AIM OF THE TASK — Emit the entire listing verbatim.

........

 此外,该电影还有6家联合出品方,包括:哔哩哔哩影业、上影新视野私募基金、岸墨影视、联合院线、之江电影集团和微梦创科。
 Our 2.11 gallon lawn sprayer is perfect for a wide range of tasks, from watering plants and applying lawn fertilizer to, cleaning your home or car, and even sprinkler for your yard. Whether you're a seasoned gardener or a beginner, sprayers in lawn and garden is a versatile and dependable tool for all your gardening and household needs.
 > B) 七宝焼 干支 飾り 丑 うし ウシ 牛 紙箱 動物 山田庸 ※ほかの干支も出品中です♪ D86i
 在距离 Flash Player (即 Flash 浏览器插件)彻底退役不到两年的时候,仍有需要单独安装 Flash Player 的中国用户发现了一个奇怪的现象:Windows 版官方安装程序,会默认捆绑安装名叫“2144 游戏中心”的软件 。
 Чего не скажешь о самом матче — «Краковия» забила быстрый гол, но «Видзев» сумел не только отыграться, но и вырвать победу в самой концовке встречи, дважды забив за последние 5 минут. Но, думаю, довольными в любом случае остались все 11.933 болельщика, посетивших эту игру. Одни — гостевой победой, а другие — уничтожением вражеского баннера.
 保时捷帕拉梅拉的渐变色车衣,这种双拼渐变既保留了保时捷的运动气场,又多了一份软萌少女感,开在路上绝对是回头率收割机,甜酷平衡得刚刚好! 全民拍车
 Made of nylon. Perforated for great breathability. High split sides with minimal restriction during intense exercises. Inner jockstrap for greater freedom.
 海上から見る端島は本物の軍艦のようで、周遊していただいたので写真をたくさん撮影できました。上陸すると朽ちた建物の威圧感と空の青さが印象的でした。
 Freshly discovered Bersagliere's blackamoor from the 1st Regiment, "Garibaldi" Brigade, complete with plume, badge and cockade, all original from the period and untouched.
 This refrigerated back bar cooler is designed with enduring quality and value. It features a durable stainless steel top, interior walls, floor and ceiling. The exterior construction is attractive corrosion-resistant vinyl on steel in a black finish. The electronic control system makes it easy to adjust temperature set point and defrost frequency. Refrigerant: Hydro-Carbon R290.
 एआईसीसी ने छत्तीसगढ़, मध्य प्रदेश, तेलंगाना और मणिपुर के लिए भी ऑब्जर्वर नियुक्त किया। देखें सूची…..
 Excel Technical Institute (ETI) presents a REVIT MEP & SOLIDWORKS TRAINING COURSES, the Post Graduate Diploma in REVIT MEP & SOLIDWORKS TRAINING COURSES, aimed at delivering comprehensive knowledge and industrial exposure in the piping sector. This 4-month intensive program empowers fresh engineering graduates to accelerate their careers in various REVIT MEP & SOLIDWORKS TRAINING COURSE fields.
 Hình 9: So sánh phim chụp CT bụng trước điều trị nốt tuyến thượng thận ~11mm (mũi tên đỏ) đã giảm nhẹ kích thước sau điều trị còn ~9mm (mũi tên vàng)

........

REPLY TO THE EXERCISE —
 此外,该电影还有6家联合出品方,包括:哔哩哔哩影业、上影新视野私募基金、岸墨影视、联合院线、之江电影集团和微梦创科。
 Our 2.11 gallon lawn sprayer is perfect for a wide range of tasks, from watering plants and applying lawn fertilizer to, cleaning your home or car, and even sprinkler for your yard. Whether you're a seasoned gardener or a beginner, sprayers in lawn and garden is a versatile and dependable tool for all your gardening and household needs.
 > B) 七宝焼 干支 飾り 丑 うし ウシ 牛 紙箱 動物 山田庸 ※ほかの干支も出品中です♪ D86i
 在距离 Flash Player (即 Flash 浏览器插件)彻底退役不到两年的时候,仍有需要单独安装 Flash Player 的中国用户发现了一个奇怪的现象:Windows 版官方安装程序,会默认捆绑安装名叫“2144 游戏中心”的软件 。
 Чего не скажешь о самом матче — «Краковия» забила быстрый гол, но «Видзев» сумел не только отыграться, но и вырвать победу в самой концовке встречи, дважды забив за последние 5 минут. Но, думаю, довольными в любом случае остались все 11.933 болельщика, посетивших эту игру. Одни — гостевой победой, а другие — уничтожением вражеского баннера.
 保时捷帕拉梅拉的渐变色车衣,这种双拼渐变既保留了保时捷的运动气场,又多了一份软萌少女感,开在路上绝对是回头率收割机,甜酷平衡得刚刚好! 全民拍车
 Made of nylon. Perforated for great breathability. High split sides with minimal restriction during intense exercises. Inner jockstrap for greater freedom.
 海上から見る端島は本物の軍艦のようで、周遊していただいたので写真をたくさん撮影できました。上陸すると朽ちた建物の威圧感と空の青さが印象的でした。
 Freshly discovered Bersagliere's blackamoor from the 1st Regiment, "Garibaldi" Brigade, complete with plume, badge and cockade, all original from the period and untouched.
 This refrigerated back bar cooler is designed with enduring quality and value. It features a durable stainless steel top, interior walls, floor and ceiling. The exterior construction is attractive corrosion-resistant vinyl on steel in a black finish. The electronic control system makes it easy to adjust temperature set point and defrost frequency. Refrigerant: Hydro-Carbon R290.
 एआईसीसी ने छत्तीसगढ़, मध्य प्रदेश, तेलंगाना और मणिपुर के लिए भी ऑब्जर्वर नियुक्त किया। देखें सूची…..
 Excel Technical Institute (ETI) presents a REVIT MEP & SOLIDWORKS TRAINING COURSES, the Post Graduate Diploma in REVIT MEP & SOLIDWORKS TRAINING COURSES, aimed at delivering comprehensive knowledge and industrial exposure in the piping sector. This 4-month intensive program empowers fresh engineering graduates to accelerate their careers in various REVIT MEP & SOLIDWORKS TRAINING COURSE fields.
 Hình 9: So sánh phim chụp CT bụng trước điều trị nốt tuyến thượng thận ~11mm (mũi tên đỏ) đã giảm nhẹ kích thước sau điều trị còn ~9mm (mũi tên vàng)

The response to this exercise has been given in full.